We then ventured into the realm of storytelling – and I related the story of the Honey Bee – with its energizing focus on:

  • Goal – produce 40 pounds of honey per year in order for the hive to survive
  • Role – act as a symbiotic team, where five key Roles contribute to achieving the Goal:
    • Producers – (voice of the Cityzen) gather the nectar and pollen and produce the honey
    • Entrepreneurs – (voice of the business/innovators) source new resources and keep the Producers advised of all options
    • Administrators – (voice of the City Managers) allocate resources to reward effective performance
    • Integrators – (voice of the Civil Society/Integrators) integrate all the other Roles for the achievement of the Hive Goal and survival
    • Competitors – (voice of the other Hives in the same eco-region) ensure that the best survival strategies emerge and sustain the species
  • Soul – respond to what is really important. What do we value as individuals and as a Hive?

As the dialogue started to unfold we were able to ask ourselves some interesting questions:

  • In the Human Hive – what is the equivalent goal of the 4o pounds of honey that we must produce in a year? How do we honour the power of human consciousness and culture in setting goals for City wellbeing and survival?

How do the Roles in the Hive relate to the Voices in the city? (We marked them above in brackets.)

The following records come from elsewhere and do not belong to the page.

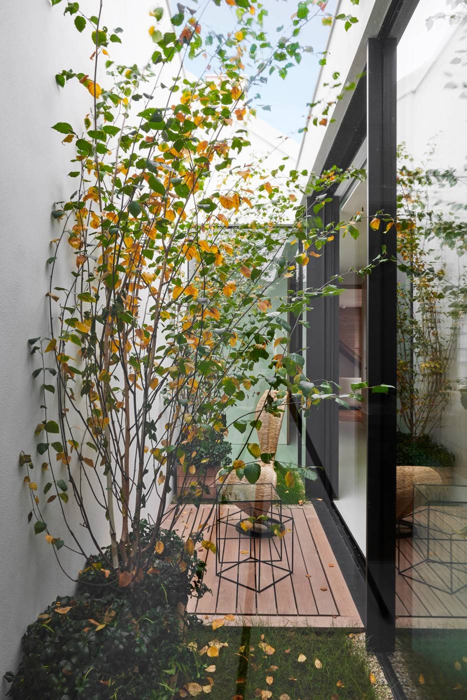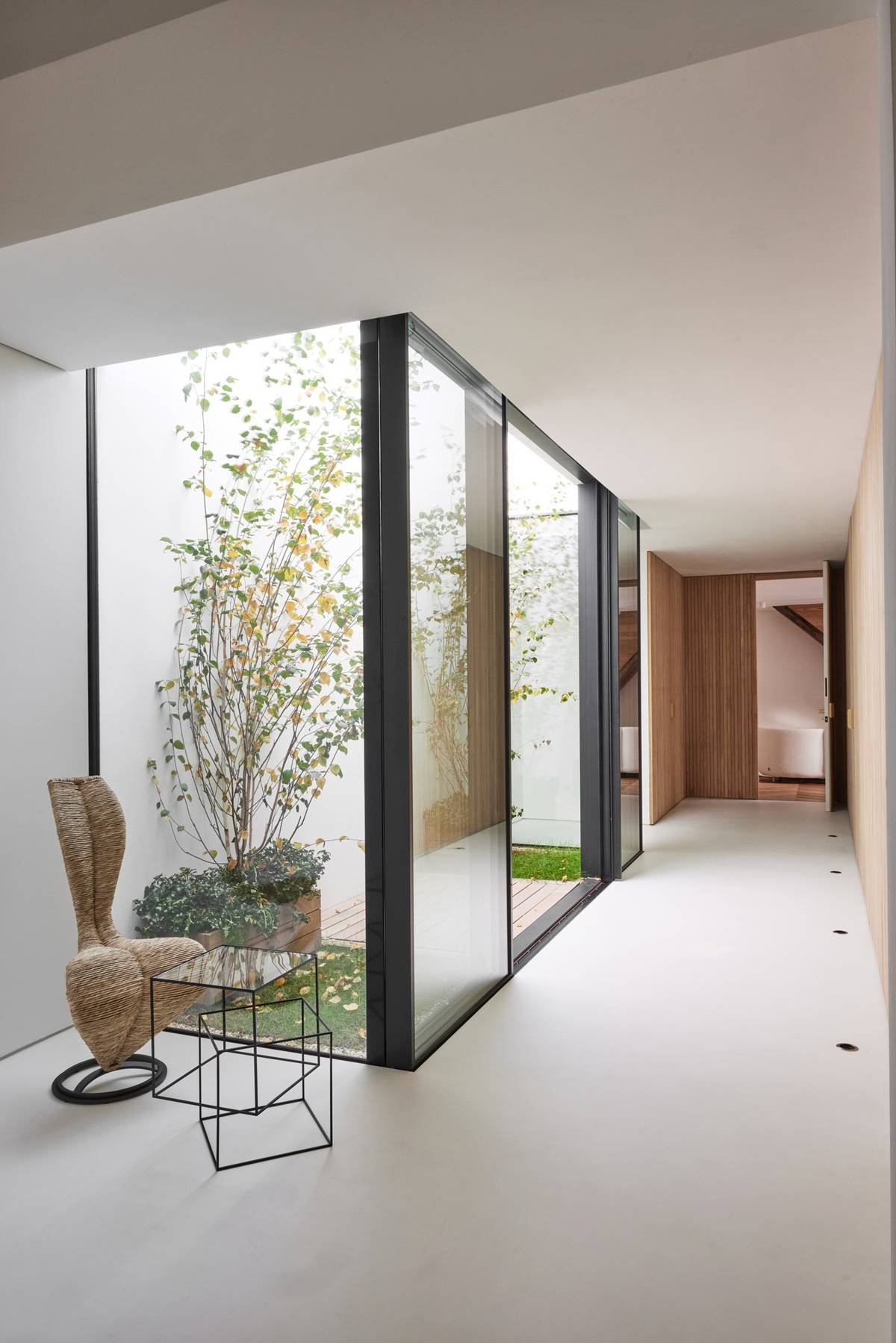 Venkovní atrium není velké, ale přesto mění ráz interiéru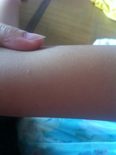 小孩手臂上长这种痘痘,不知道是什么,不痛也不痒 只有一只手臂上有,身上其它地方还没发现有这样的痘痘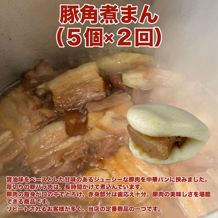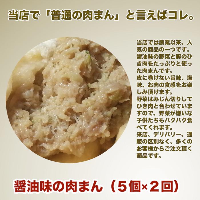 当店一番人気の醤油味の肉まんと豚角煮まん、各5個(計10個)を2回お届けします。 余った商品を冷凍保存した場合は、自然解凍してから蒸し器や電子レンジで温めて頂くと、おいしくお召し上がり頂けます。 【製造場所】福岡市城南区別府5-13-30 事業者名:中華パンの専門店 福慶 連絡先:092-980-5023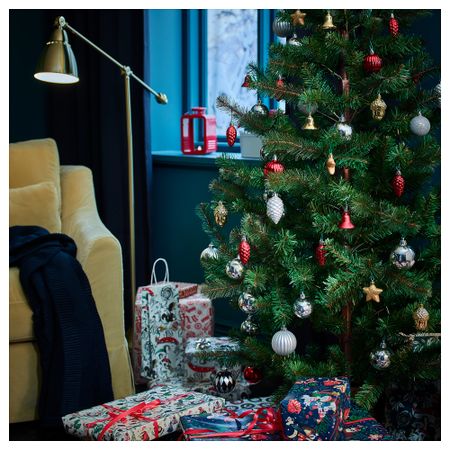Крючки прилагаются – не нужно покупать дополнительно. Прочный материал – не разобьется при падении. В набор входит: 3 шара (диам. 5 см), 3 шара (диам. 5,5 см), 5 шишек (высота 6 см), 5 звездочек (высота 4,5 см) и 8 колокольчиков (высота 4 см).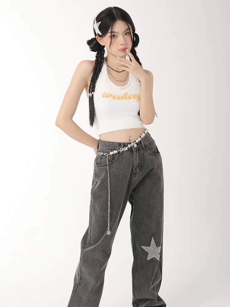 栗馨馨复古高腰灰色阔腿裤女早秋新款烫钻五角星宽松显瘦潮

Just as we seemed to be on a “radically optimistic roll”,  a strain of criticism and negativity started to creep into the conversation. I interjected a state-shifting question: “Would you like to try an experiment?”  Yes, they agreed!!  Turning to the person beside them, I asked them to each tell this story:

Tell me about a time when you were really involved or excited about an election? Who was there? Why were you excited? Where was it? When?

The room burst into noisy and positive exchange. I could hardly call them back above the din.  But when I did, I asked each conversation dyad to identify three values they saw in their stories. Quickly again the room exploded … and we were subsequently able to fill a flip chart with the values that had engaged them:

Listening, Caring, Sharing, Giving back, Recognition, Community, Supporting, Growing, Genuine Curiosity, Multiple Generations, Linking Across Cultures, Working for Something they Believed in, Imagining the Future

In a flash we saw that these values revealed the Souls of the election process. We had easily jumped from the depressing consideration of no new candidates or no positive slates for future elections, to recognizing that Cityzens (just like the bees) are always casting their ballots before, during and after elections – somehow trying to survive even without clear Goals, Roles or Souls.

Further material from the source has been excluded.